GIVEN RECORDS section start
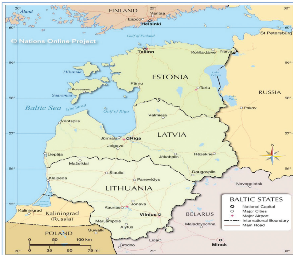
Figure 2. Major ports of Baltic States.

Ports' facilities to attract Asian cargoes are considered from two points of view: its geographical location and logistical capacities. According to these criteria, three Baltic Sea ports (Figure 2) can compete for large-scale traffic flows from Asia.
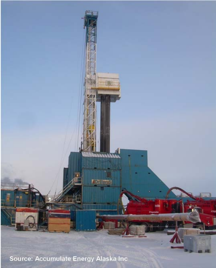
Fig 1. Kuukpik Rig 5 On Location

Upon completion of drilling, certain data will be available immediately and will be reported to the market after internal examination; however, the definitive testing of the HRZ shale potential will take several months of data analysis. The pivotal focus will be an extensive evaluation of core material by specialist laboratories, which will cover a number of parameters considered critical for the success of the play.
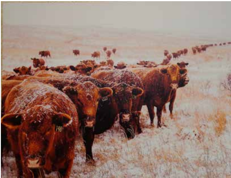
Mom Squad Megan Licking Thedford Art Guild Photography
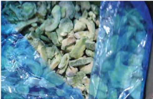
Cardboard box with frozen crystallized product.
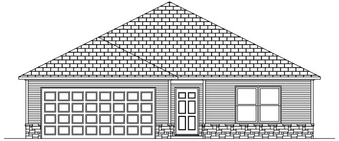
Foster Elev. G
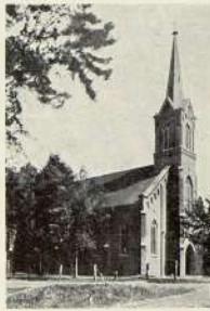
ST. COLUMBAN'S CHURCH, CHILLICOTHE, MO.
GIVEN RECORDS section end
A faithful, complete copy of the entries is required, without the pictures.

Figure 2. Major ports of Baltic States.

Ports' facilities to attract Asian cargoes are considered from two points of view: its geographical location and logistical capacities. According to these criteria, three Baltic Sea ports (Figure 2) can compete for large-scale traffic flows from Asia.
Fig 1. Kuukpik Rig 5 On Location

Upon completion of drilling, certain data will be available immediately and will be reported to the market after internal examination; however, the definitive testing of the HRZ shale potential will take several months of data analysis. The pivotal focus will be an extensive evaluation of core material by specialist laboratories, which will cover a number of parameters considered critical for the success of the play.
Mom Squad Megan Licking Thedford Art Guild Photography
Cardboard box with frozen crystallized product.
Foster Elev. G
ST. COLUMBAN'S CHURCH, CHILLICOTHE, MO.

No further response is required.